Все говорили разом, задавали вопросы, не получали ответа, испускали бесполезные восклицания. Миссис Ригли продолжала вопить и сыпать проклятиями, на редкость сочными в своей непристойности, которая заставила Джорджи содрогнуться даже больше, чем вид крови, пролитой штатским. Маккол начал распоряжаться. Четырем из вездесущих безработных он приказал отнести фермера Ривза в ближайший дом, а пятый получил распоряжение отвести занервничавшего жеребчика назад в конюшню. Миссис Ригли он сурово велел замолчать. В ответ она назвала его низким бесчувственным скотом, залилась слезами и попросила, чтобы ее похоронили в одной могиле с возлюбленным. Тем временем доктор отослал Джорджи в автомобиль дожидаться его там.

Джорджи не очень нравилось сидеть одной посреди незнакомого селения – как они все смотрят! Тем не менее их неодобрительное разглядывание она выдержала с полным достоинством: почему-то, сидя в автомобиле, преисполняешься пренебрежения к шарящим по тебе глазам, какого невозможно почувствовать, если сидишь просто на придорожном камне. Маккол отсутствовал очень долго – во всяком случае, так показалось ей. Наконец он вернулся с сердитым лицом и завел автомобиль излишне резко.

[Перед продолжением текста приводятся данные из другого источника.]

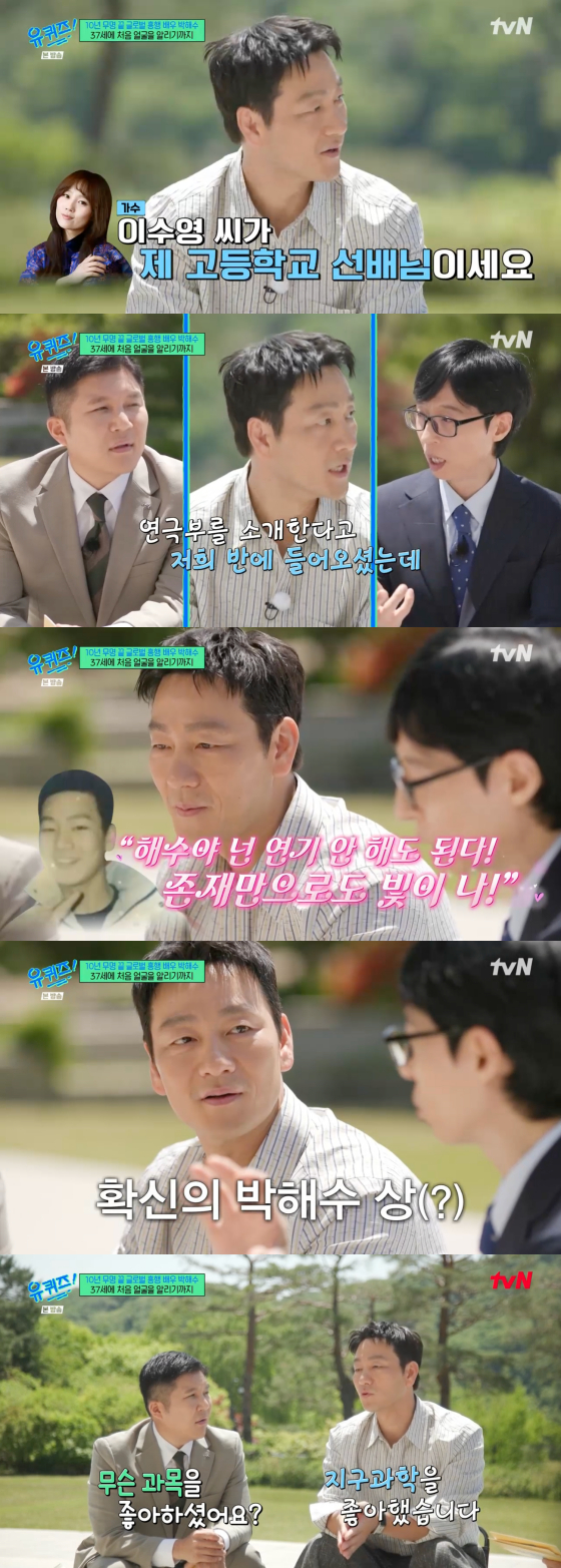 이를 들은 유재석은 "이수영이 박해수가 너무 잘생겨서 연극부원으로 뽑았고 '해수야, 넌 연기 안 해도 된다. 존재만으로 빛이 나'라고 했다고 한다"고 부연했다.

– Я этими людишками по горло сыт, – сказал он. – Живут, как свиньи, а страховой врач – их раб. И даже «спасибо» не услышишь.

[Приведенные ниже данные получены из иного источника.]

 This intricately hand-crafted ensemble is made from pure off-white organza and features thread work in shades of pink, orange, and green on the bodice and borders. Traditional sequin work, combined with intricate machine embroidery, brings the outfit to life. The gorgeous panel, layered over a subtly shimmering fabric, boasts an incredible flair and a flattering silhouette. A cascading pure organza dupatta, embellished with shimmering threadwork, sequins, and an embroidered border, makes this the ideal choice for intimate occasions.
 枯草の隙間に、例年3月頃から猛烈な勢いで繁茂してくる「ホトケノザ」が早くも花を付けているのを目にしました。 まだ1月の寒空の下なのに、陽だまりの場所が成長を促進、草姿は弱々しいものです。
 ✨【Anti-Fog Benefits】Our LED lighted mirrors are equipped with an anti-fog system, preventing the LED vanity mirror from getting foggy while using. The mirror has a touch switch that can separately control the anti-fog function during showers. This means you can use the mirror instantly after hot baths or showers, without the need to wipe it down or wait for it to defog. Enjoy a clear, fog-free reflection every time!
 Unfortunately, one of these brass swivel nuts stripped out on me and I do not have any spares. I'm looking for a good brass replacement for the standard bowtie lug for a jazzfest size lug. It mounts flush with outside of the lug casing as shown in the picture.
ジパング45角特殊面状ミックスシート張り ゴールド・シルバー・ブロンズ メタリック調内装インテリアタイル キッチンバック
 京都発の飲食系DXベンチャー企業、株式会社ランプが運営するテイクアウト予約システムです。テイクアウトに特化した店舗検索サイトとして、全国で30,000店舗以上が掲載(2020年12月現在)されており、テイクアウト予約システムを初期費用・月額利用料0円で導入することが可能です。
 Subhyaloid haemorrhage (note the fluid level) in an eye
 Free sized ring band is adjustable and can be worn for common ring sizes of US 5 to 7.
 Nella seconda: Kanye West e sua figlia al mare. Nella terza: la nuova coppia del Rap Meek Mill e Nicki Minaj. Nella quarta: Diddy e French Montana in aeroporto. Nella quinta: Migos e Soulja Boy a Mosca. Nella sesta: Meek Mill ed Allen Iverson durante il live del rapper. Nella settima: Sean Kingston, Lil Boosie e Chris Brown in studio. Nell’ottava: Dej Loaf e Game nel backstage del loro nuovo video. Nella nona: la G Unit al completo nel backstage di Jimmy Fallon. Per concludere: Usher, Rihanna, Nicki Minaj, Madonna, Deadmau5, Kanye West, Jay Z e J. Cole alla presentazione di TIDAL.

– Но как он? – робко осведомилась Джорджи. – Он не убит? Нет?

– Господи, конечно нет! Пришел в себя еще при мне. Но ничего хорошего: сломана челюсть, и, боюсь, он может лишиться глаза.

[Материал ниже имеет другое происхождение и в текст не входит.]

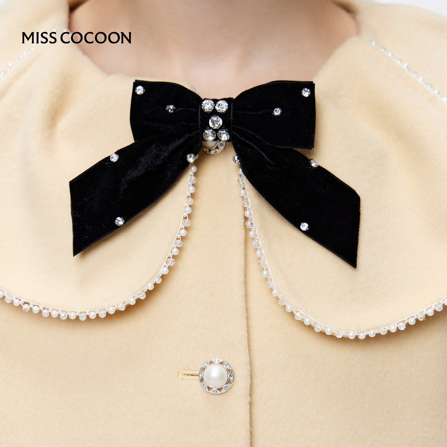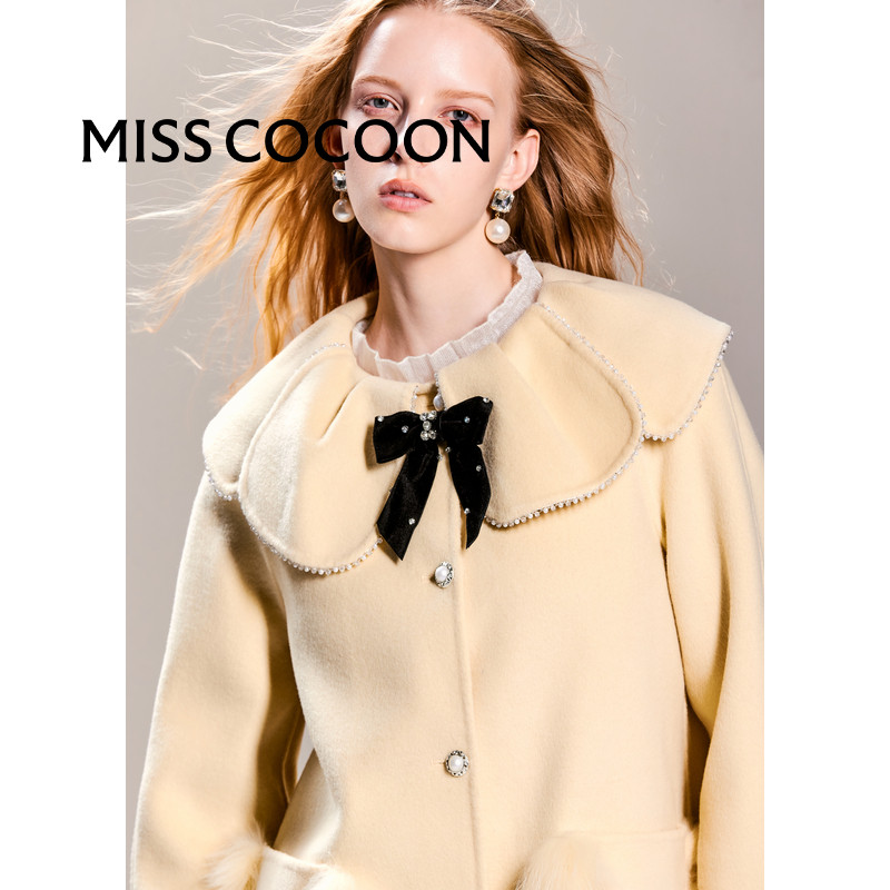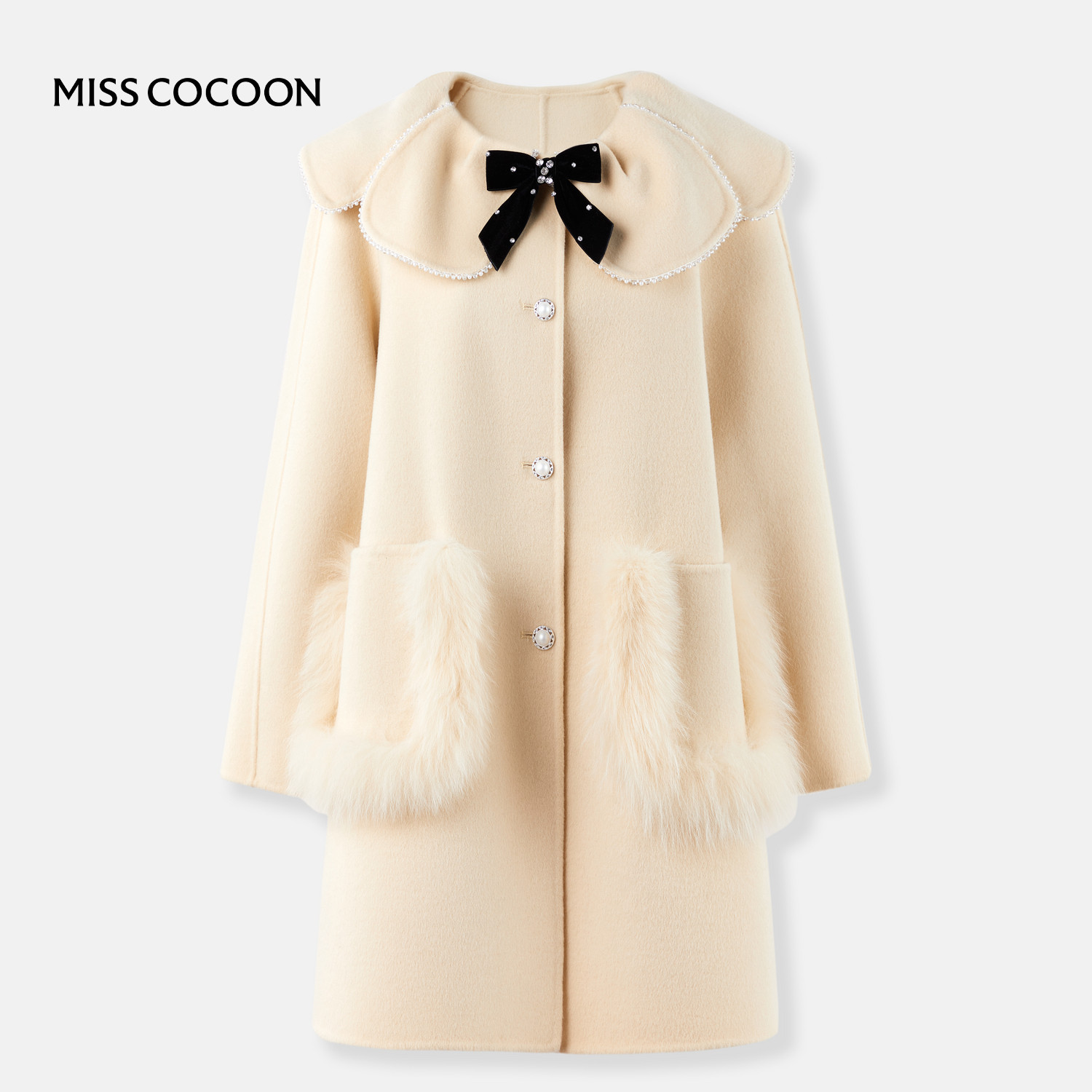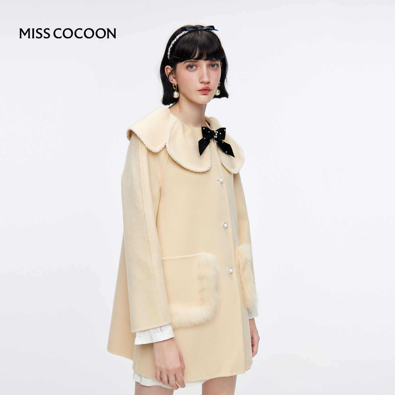 MISSCOCOON学院风花瓣领绵羊毛大衣狐狸毛口袋可拆蝴蝶结秋冬款
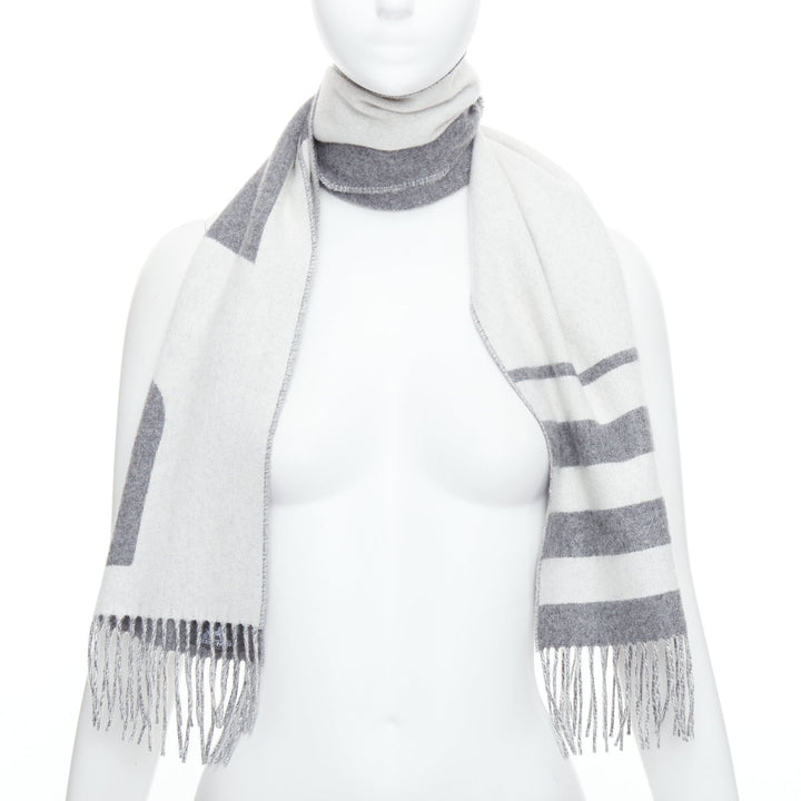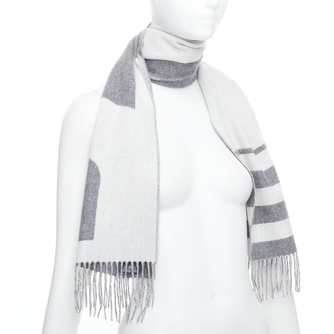 HERMES 100% cashmere abstract horse head fringe wool scarf

– Ах! – Джорджи благовоспитанно содрогнулась при мысли о чужой боли. – Бедненький, как ужасно! Почему тот другой решился на такую страшную вещь?

Маккол заколебался – обязан ли врач просвещать? Ну, ей не помешает узнать кое-что о подлинной жизни: может, научится в будущем остерегаться вкрадчивых подлецов вроде Перфлита.

– Камень бросил Ригли, муж этой женщины, – сказал он медленно. – А бросил он его в человека, который содержит ее и часть их детей.

– Ах, как ужасно! – повторила Джорджи, вновь благовоспитанно содрогнувшись. На этот раз от девичьей стыдливости.

– Разве вы ничего про это не слышали? Да, ведь вы уезжали! Скандальнейшее было происшествие.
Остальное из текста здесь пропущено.